Лицо Рубеллия застыло, он нервно втянул губы.

– Это несерьезно, легат Север, о… отец. Он – лишь сосуд. Чтобы снять напряжение. Я не был с ним женщиной, я всего лишь…

– Это нужно прекратить.

– Да! Сегодня же. Он исчезнет.

– Исчезнет?

Рубеллий покраснел, пробормотал торопливо:

– Я заплачу ему. За молчание. Он не из болтунов… вроде бы…, – он поперхнулся, услышав шум за спиной.

– Легат! Трибун! – Кассий Дайа выкинул вперед руку в приветствии. Голос у него был зычным, но вид – хмурым.

– Префект Дайа, – Рубеллий улыбнулся ему. Луций кивнул. – Легат с трудом говорит. Сорвал голос вчера.

– Как не сорвать, – согласился Дайа, – так громыхало, думал, череп треснет.

– Нужно новое знамение.

– Я догадался, благородный трибун.

Втроем они вышли из шатра. Караульный с ворчливой бранью силился разжать челюсти кобыле Дайи, чтобы вложить ей в рот трензель. От него порскнула в сторону нервная тень. Проводив взглядом убегающего человека, Луций стиснул рот кобылы с боков, она разжала челюсти, и солдат протолкнул трензель в рот, надел оголовье, затянул ремни.

– С нумидийцами ездишь без седла и сбруи? – спросил Луций у Дайи.

– Да, командир.

– Еще падаешь?

– Случается.

Луций снова посмотрел вслед убегавшему.

– Кто это? – спросил Рубеллий.

– Эмилий. Нония предлагает усыновить его.

Сердце в груди Рубеллия заныло.

– И ты…

– Выбираю того, кто идет мне навстречу, а не убегает, – на лице Луция мелькнуло раздражение. Обращенное к убегавшему. – Того, кого не надо уговаривать.

– Счастлив слышать, – от сердца отлегло. Рубеллий подошел к своему мерину, взялся за повод, приготовился влезть в седло. Тот вдруг изогнул шею и укусил его за спину. От неожиданности трибун вскрикнул. – Вот тварь! – он дернул повод на себя, конь отпрянул. Луций перехватил его под уздцы:

– Он не в духе. Я поеду на нем. Ты бери моего, Марк. Не спорь.

Рубеллий кивнул, влез с приступки в инкрустированное серебром седло легатского жеребца, набрал повод.

– Тебе нужно упражняться в езде, Марк, – для острастки Луций влепил оплеуху разгорячившемуся мерину. Вытаращив глаз, тот испуганно дернулся в сторону. – Ты неуверенно сидишь.

– Я исправлюсь. Буду выезжать с Дайей.

– Буду рад учить тебя, трибун латиклавий, – сказал Дайа.

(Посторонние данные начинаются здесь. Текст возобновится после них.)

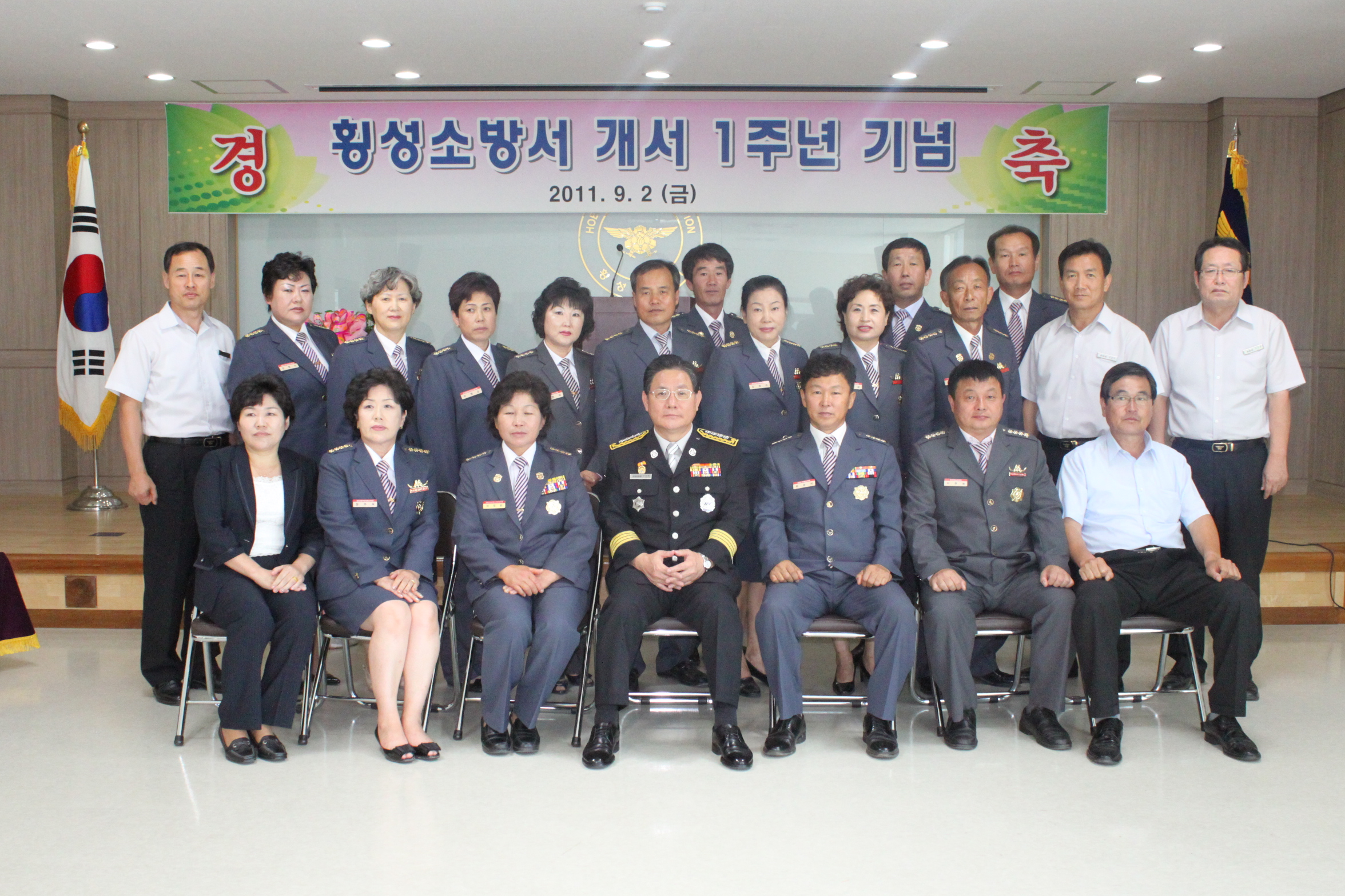 횡성소방서(서장 조근희)는 9월2일 본서 대회의실에서 개서 1주년 기념행사를 실시했다. 횡성소방서 개서 1주년을 맞이하여 직원들의 사기진작 및 그동안 노고를 치하하는 자리였으며, 19개 읍면 의용소방대장도 참석하여 자리를 빛냈다.

– И сражаться, префект, – несмотря на происшествие с мерином, Рубеллия переполняло воодушевление. Не Ганимед. Сцевола. Рим, ты еще будешь рукоплескать Марку Рубеллию! Нет, не Рубеллию, это имя останется в прошлом, вместе со слабым телом и девичьими ужимками. – Ты научишь меня драться, Кассий Дайа. Так, как это умеешь ты.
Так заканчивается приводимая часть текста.